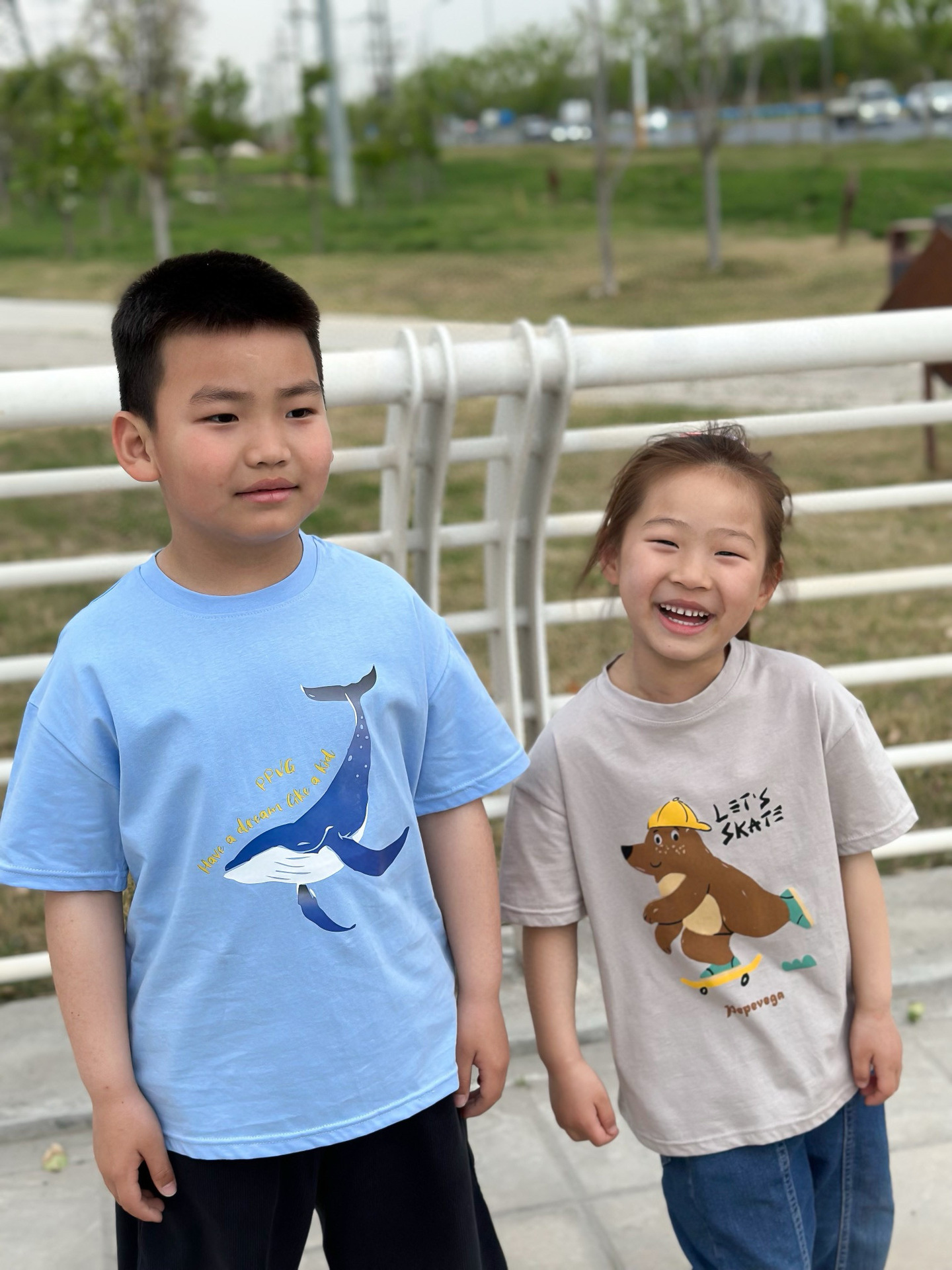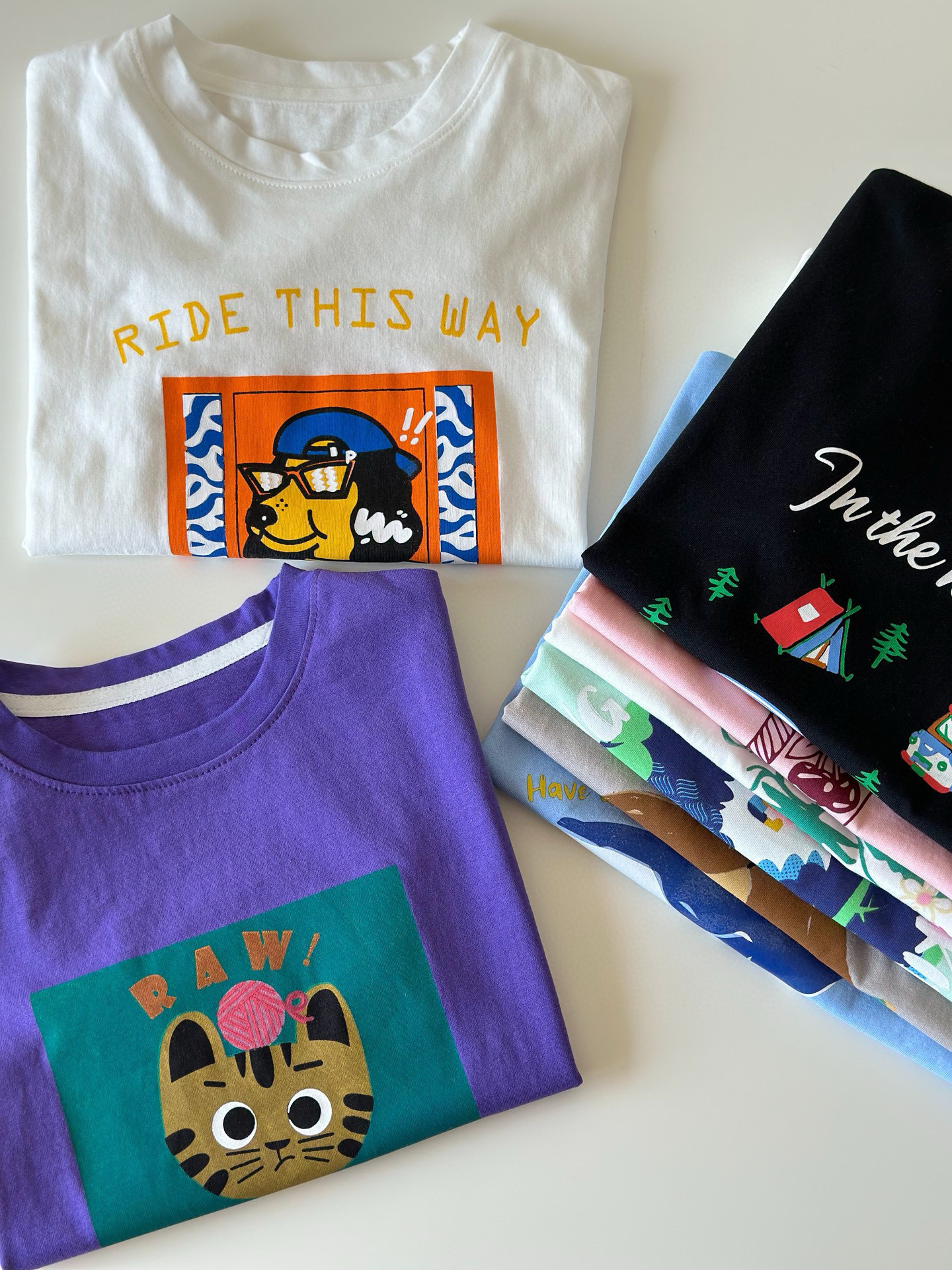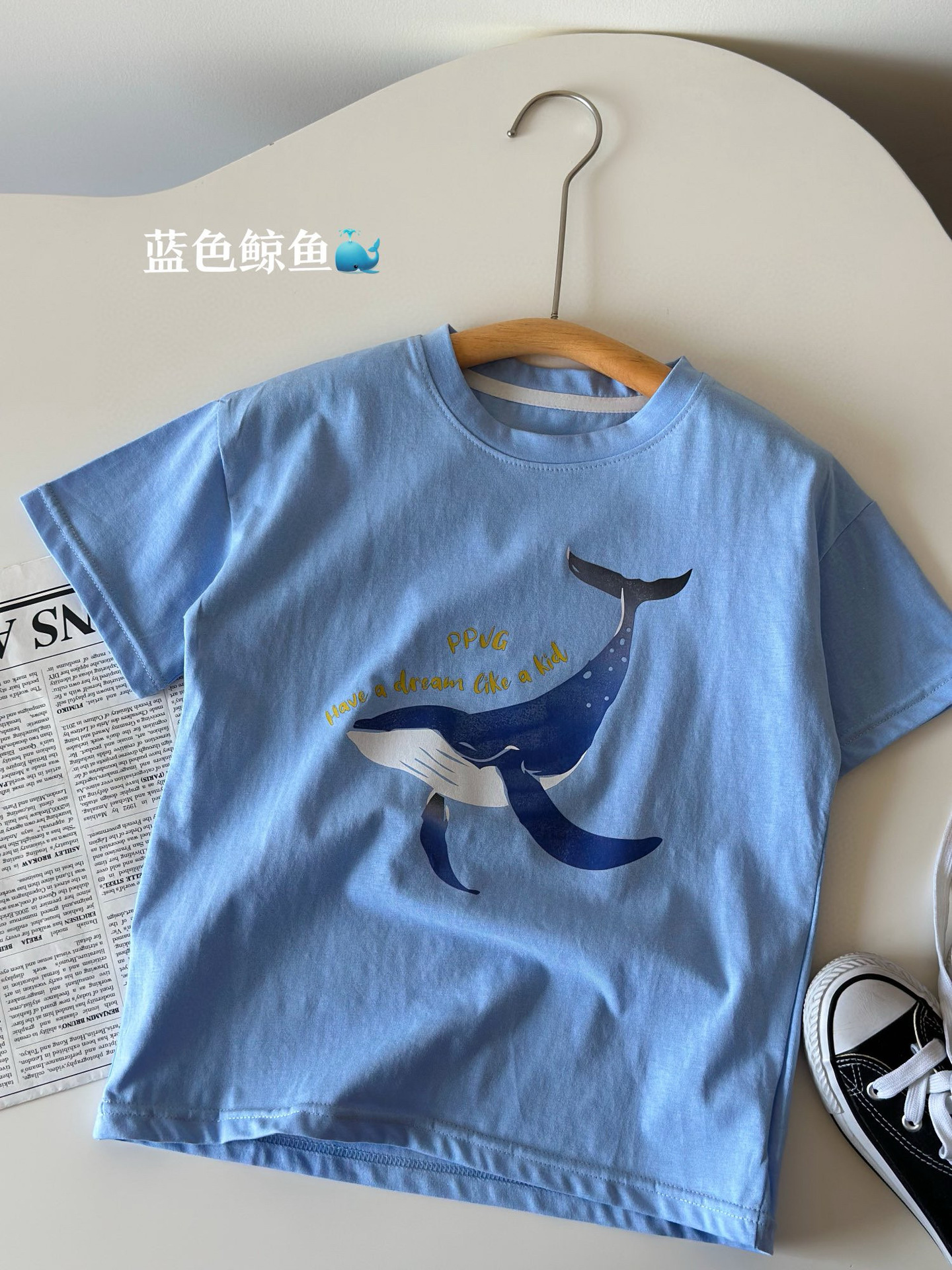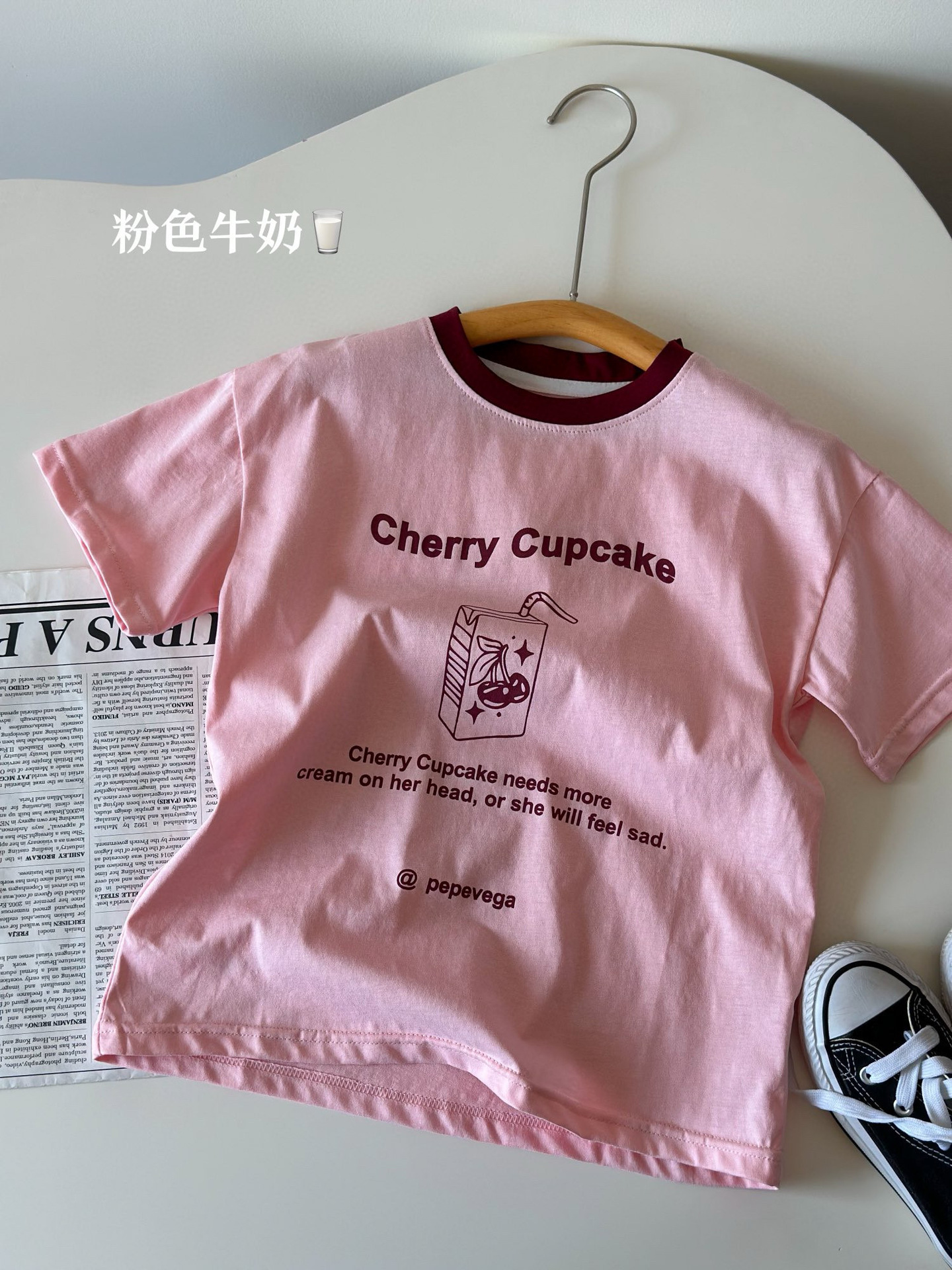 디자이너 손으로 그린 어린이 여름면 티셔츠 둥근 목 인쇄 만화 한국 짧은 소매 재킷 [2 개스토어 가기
******
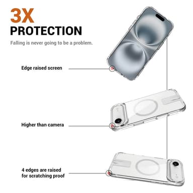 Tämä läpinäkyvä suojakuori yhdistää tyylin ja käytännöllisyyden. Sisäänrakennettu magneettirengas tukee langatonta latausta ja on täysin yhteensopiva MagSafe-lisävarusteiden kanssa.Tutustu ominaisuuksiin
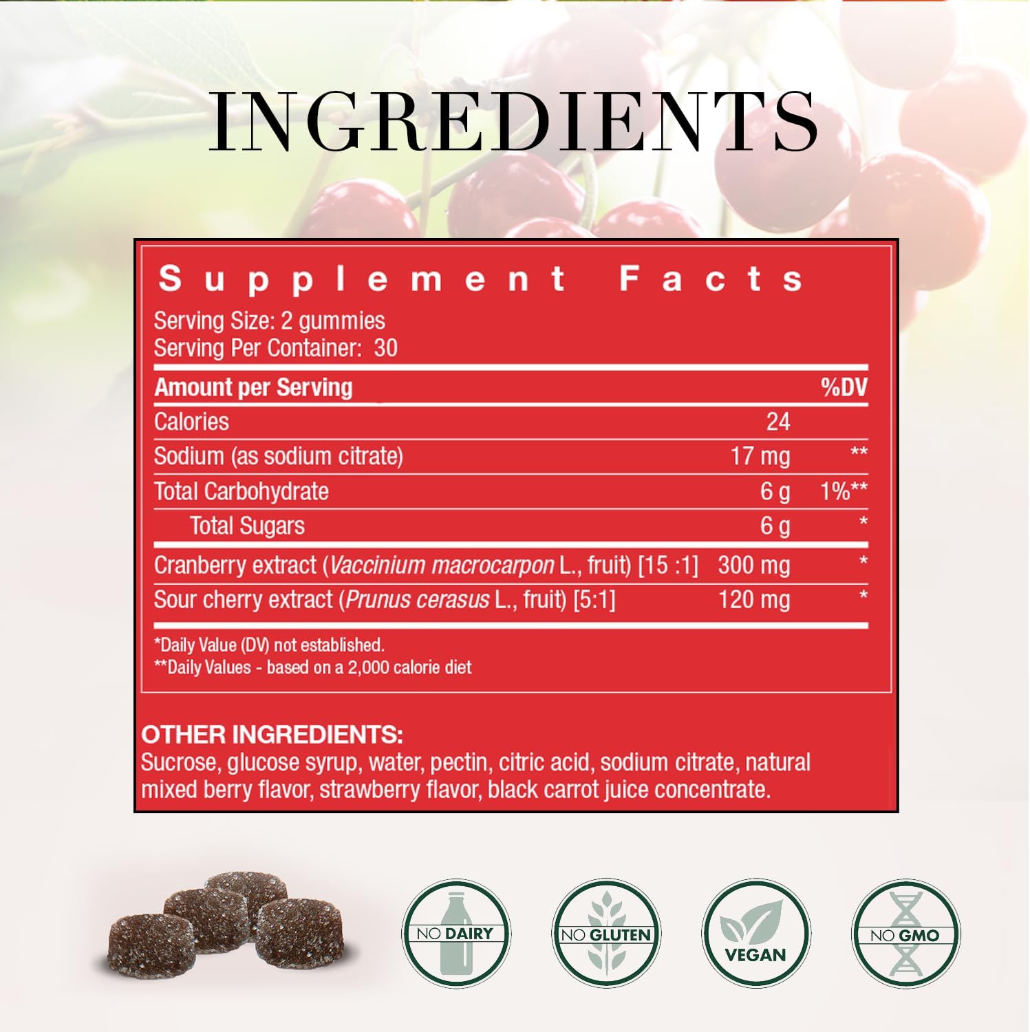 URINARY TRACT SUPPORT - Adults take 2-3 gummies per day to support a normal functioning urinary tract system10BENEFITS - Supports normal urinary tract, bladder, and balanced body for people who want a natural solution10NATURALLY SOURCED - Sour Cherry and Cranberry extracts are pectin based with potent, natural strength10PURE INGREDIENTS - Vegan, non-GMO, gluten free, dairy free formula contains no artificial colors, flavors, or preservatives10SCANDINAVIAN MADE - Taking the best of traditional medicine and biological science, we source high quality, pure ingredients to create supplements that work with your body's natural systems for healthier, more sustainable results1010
******
*What is expected*.
Lines wanted from the entries above: the one with "Tämä läpinäkyvä suojakuori", the one with "URINARY TRACT SUPPORT", and all lines between. Please copy them exactly, without the pictures and without anything else.

*Expected answer*.
 Tämä läpinäkyvä suojakuori yhdistää tyylin ja käytännöllisyyden. Sisäänrakennettu magneettirengas tukee langatonta latausta ja on täysin yhteensopiva MagSafe-lisävarusteiden kanssa.Tutustu ominaisuuksiin
 URINARY TRACT SUPPORT - Adults take 2-3 gummies per day to support a normal functioning urinary tract system10BENEFITS - Supports normal urinary tract, bladder, and balanced body for people who want a natural solution10NATURALLY SOURCED - Sour Cherry and Cranberry extracts are pectin based with potent, natural strength10PURE INGREDIENTS - Vegan, non-GMO, gluten free, dairy free formula contains no artificial colors, flavors, or preservatives10SCANDINAVIAN MADE - Taking the best of traditional medicine and biological science, we source high quality, pure ingredients to create supplements that work with your body's natural systems for healthier, more sustainable results1010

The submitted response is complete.